All the bone if your dog eats any of it might make for interesting soft bone poop. Max just got irritated at the skin he couldn't get through and sort of squeezed out the round bones and hid them in the towel he was eating on. Since there isn't a whole lot of iron and such poop tends to be light colored and oddly sometimes too much bone makes for lots of soft poop.

Treat it as part of his regular meal rather than a chew as they are a lot of food. 100 grams is 200 calories and a whole foot around here is a pound if I am remembering correctly so about 900 calories.


----------



## Salina (Sep 2, 2012)

i love raw pig ears. they are a great chew treat. i guess you could dehydrate those as well.


----------



## mrgoodkat (Oct 21, 2012)

Thanks for the all the Tips. 
I'm going to try to get some cheap tendons.

I found that there are already companies making tried cow ears as dog treats. But why are they all white? Do they bleach them before drying? I imagined them to be just dried cow ears, including the hairs and stuff.
Not sure I want to buy pre-made ears if they are bleached.

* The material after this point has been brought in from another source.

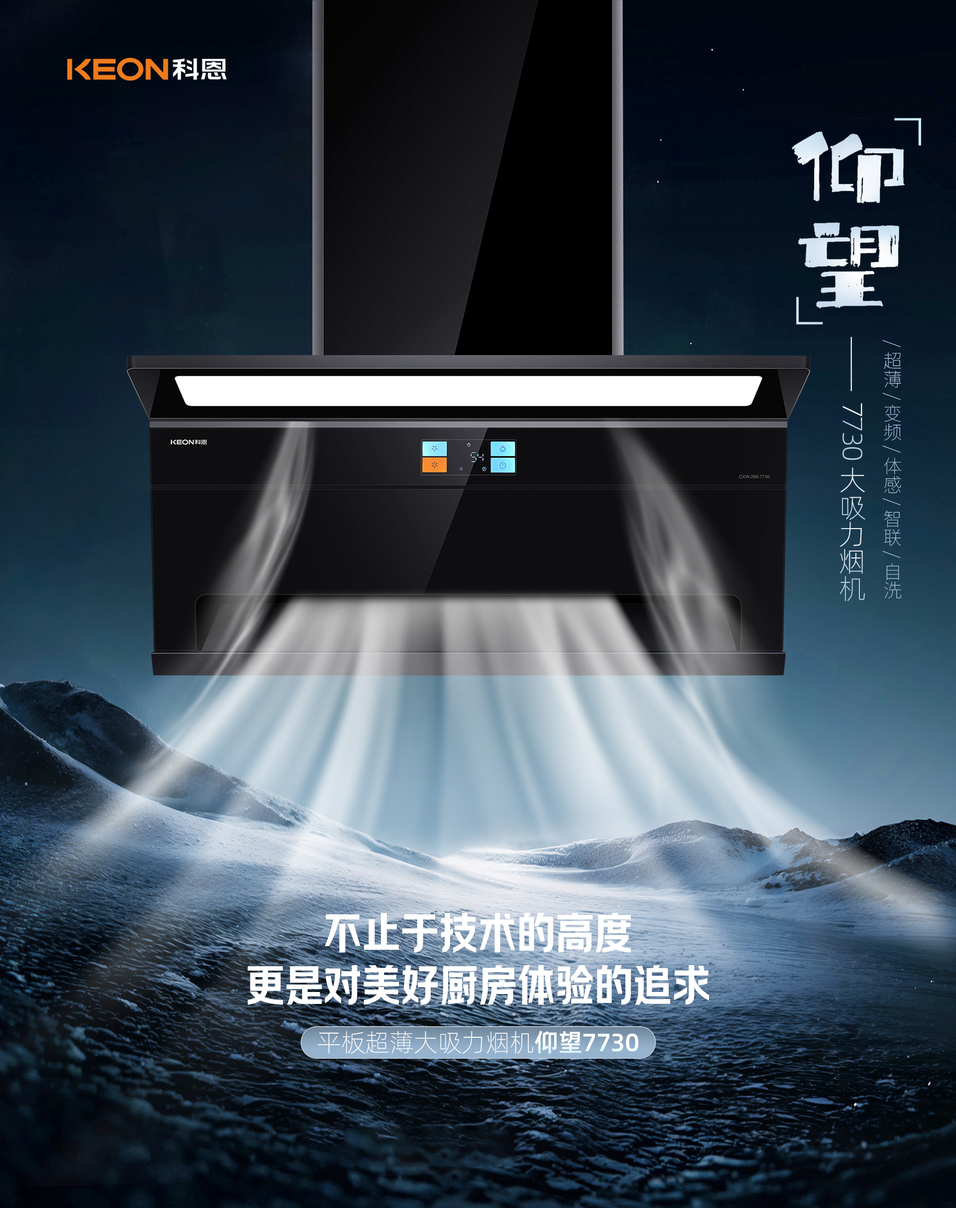 科恩7730智能聯(lián)動煙機整機采用特氟龍工藝,一體成型的設計,不僅使其具備不沾油的卓越特性,更在外觀上顯得格外美觀。這種獨特的工藝處理,讓廚房器具在日常使用與清潔過程中都變得輕松便捷,始終保持著光潔如新的狀態(tài),為廚房增添了一份精致與高雅。其新輕薄的設計重構(gòu)了廚房的空間格局。120°上仰天鵝頸設計堪稱一大亮點,曲頸的巧妙構(gòu)造營造出2.0cm超薄的視覺效果。在精控分寸之間展現(xiàn)出無與倫比的美感,同時釋放出開闊的空間,讓烹飪者能夠在寬敞舒適的環(huán)境中盡情施展廚藝,締造更為舒心愉悅的烹飪體驗。
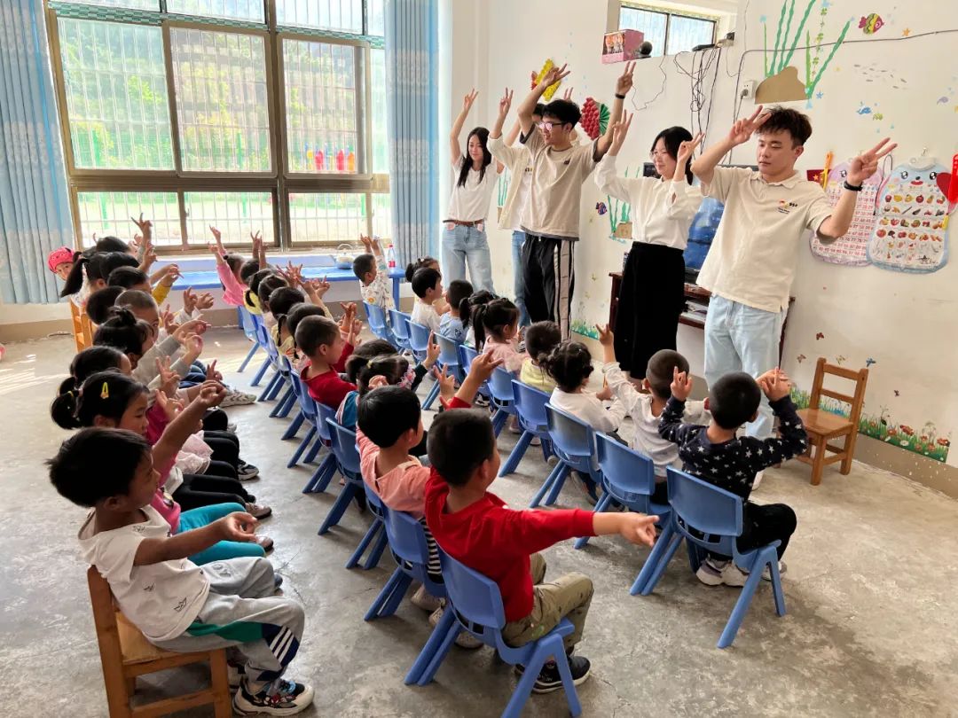 少儿财商课后,天风证券又赶往窑场村幼儿园,看望那里的儿童,与他们共唱一首歌、共读一首诗、共跳一支拍手舞、共玩一场游戏,并为孩子们送去了300余套书籍和学习用品,还定制了爱心校服。

Sent from Petguide.com Free App


----------



## Flaming (Feb 2, 2013)

mrgoodkat said:


> Thanks for the all the Tips.
> I'm going to try to get some cheap tendons.
> 
> I found that there are already companies making tried cow ears as dog treats. But why are they all white? Do they bleach them before drying? I imagined them to be just dried cow ears, including the hairs and stuff.
> ...



The cow ears I buy are yellow-brown in colours, and usually have fur and all still on them. So I would assume that white ones are bleached.


----------



## gingerkid (Jul 11, 2012)

We went to the Asian market and they just happened to have lengths of beef digit tendons that were 6-8" long. It took FOREVER (6+ hours at 170F). I didn't take before photos, but here are some after shots. They shrank quite a bit. I'm trying to figure out for next time if there is some way I can tie them to the rack so they can't shrink quite as much. They're not so small that I feel unsafe giving them to Snowball, but I wish they were a bit bigger.


----------



## Kathyy (Jun 15, 2008)

Try splitting them lengthwise into a V shape before drying? Been a while, don't remember the tendons I had shrinking lengthwise, only crossways but they were quite long to begin with so wasn't too concerned about it at the time. Too bad they came out so short after all that work. The raw tendons I have seen at stores were much shorter and I never would have tried to dry those, you found some nice long ones.


----------



## Canyx (Jul 1, 2011)

Baked sweet potato.


----------



## doggiepop (Feb 27, 2014)

take a sweet potato and cut it up. place on a sheet pan
with parchment paper. place in the oven at 190 degrees.
cook for 6 to 8 hours. when done place in a bowl, no cover.


----------



## gingerkid (Jul 11, 2012)

Kathyy said:


> Try splitting them lengthwise into a V shape before drying? Been a while, don't remember the tendons I had shrinking lengthwise, only crossways but they were quite long to begin with so wasn't too concerned about it at the time. Too bad they came out so short after all that work. The raw tendons I have seen at stores were much shorter and I never would have tried to dry those, you found some nice long ones.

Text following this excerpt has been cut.